|Company Name||PacWest Bancorp|
|Class Period||February 28, 2022 to May 03, 2023|
|Lead Plaintiff Motion Deadline||November 10, 2023|
On May 3, 2023, Bloomberg published an article reporting that PacWest was “weighing strategic options including a sale” and that “[t]he sector has been under pressure as rising interest rates lowered the value of their longer-term investments while increasing the cost of funding and spurring depositors to move cash into higher-yielding money market funds.” Forbes also reported that “[h]igher interest rates intensify the spread of the latest bank failure virus that drives deposits out of vulnerable banks, tanks their stock prices, and ultimately prompts an FDIC-enabled rescue[,]” and “the big loss an acquirer would incur to mark down the value of some PacWest loans makes it unlikely a buyer will emerge for the entire bank.” On this news, PacWest’s stock price fell $2.84, or 44.2%, to close at $3.59 per share on May 4, 2023, thereby injuring investors.

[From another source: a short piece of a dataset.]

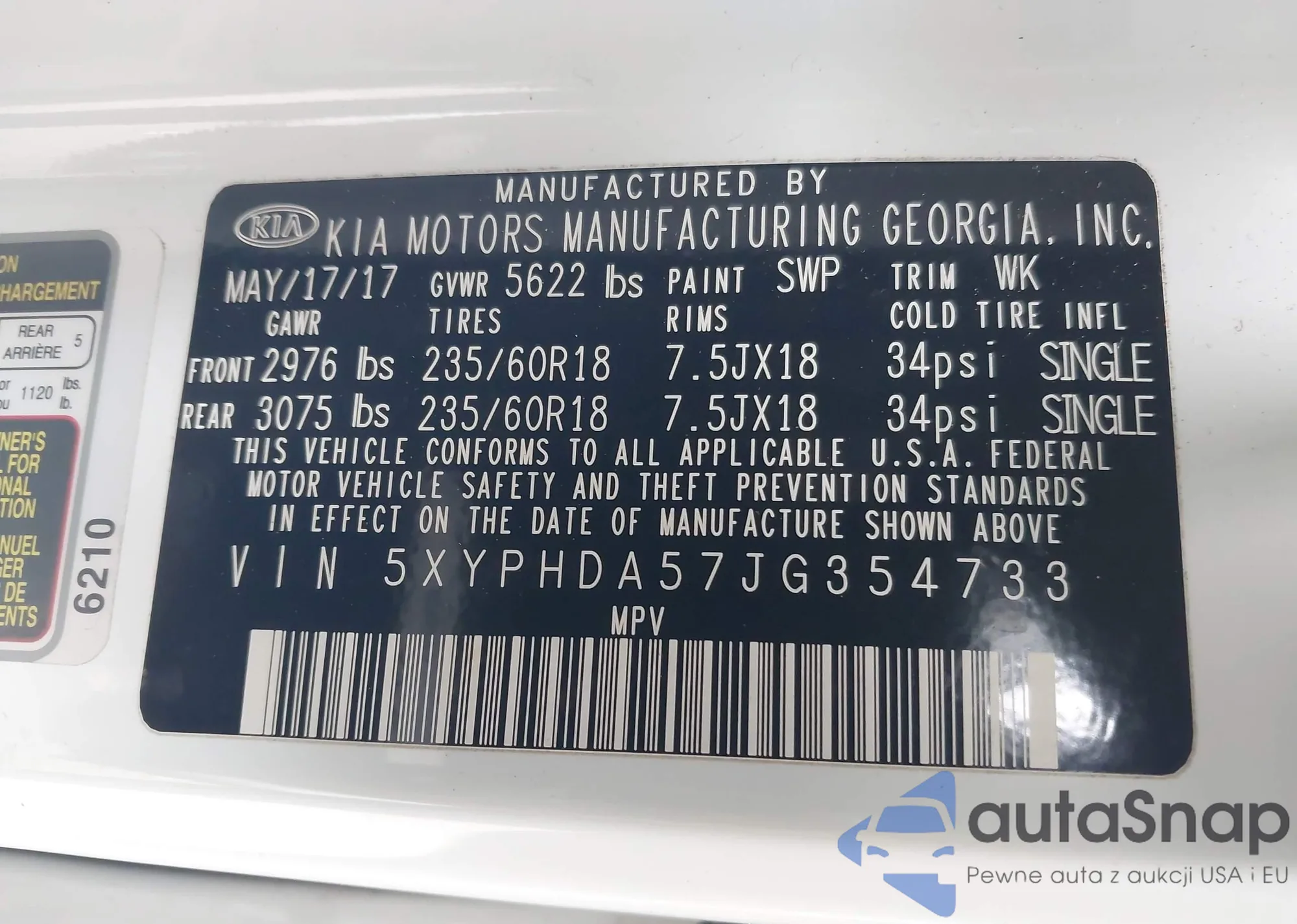 • VIN 5XYPHDA57JG354733

Then, on May 11, 2023, PacWest disclosed that it had lost a significant percentage of its deposits following the publications of the Bloomberg and Forbes reports. On this news, PacWest’s stock price fell $1.38, or 22.8%, to close at $4.68 per share on May 11, 2023.
Then, on July 25, 2023, an announcement was made that PacWest had entered into an agreement to be purchased by Banc of California, Inc. Under the terms of the agreement, PacWest shareholders would receive 0.6569 of a share of Banc of California common stock for each share of PacWest common stock.
The complaint filed in this class action alleges that throughout the Class Period, Defendants made materially false and/or misleading statements, as well as failed to disclose material adverse facts about the Company’s business, operations, and prospects. Specifically, Defendants failed to disclose to investors that: (1) PacWest had understated the impact of interest rate hikes on PWB, a smaller bank with excessive concentration in specific industries; (2) accordingly, the Company had overstated the stability and/or sustainability of its deposit base; (3) as a result, PacWest was exceptionally vulnerable to excessive deposit flows and/or a liquidity crisis; and (4) as a result, Defendants’ positive statements about the Company’s business, operations, and prospects were materially misleading and/or lacked a reasonable basis at all relevant times.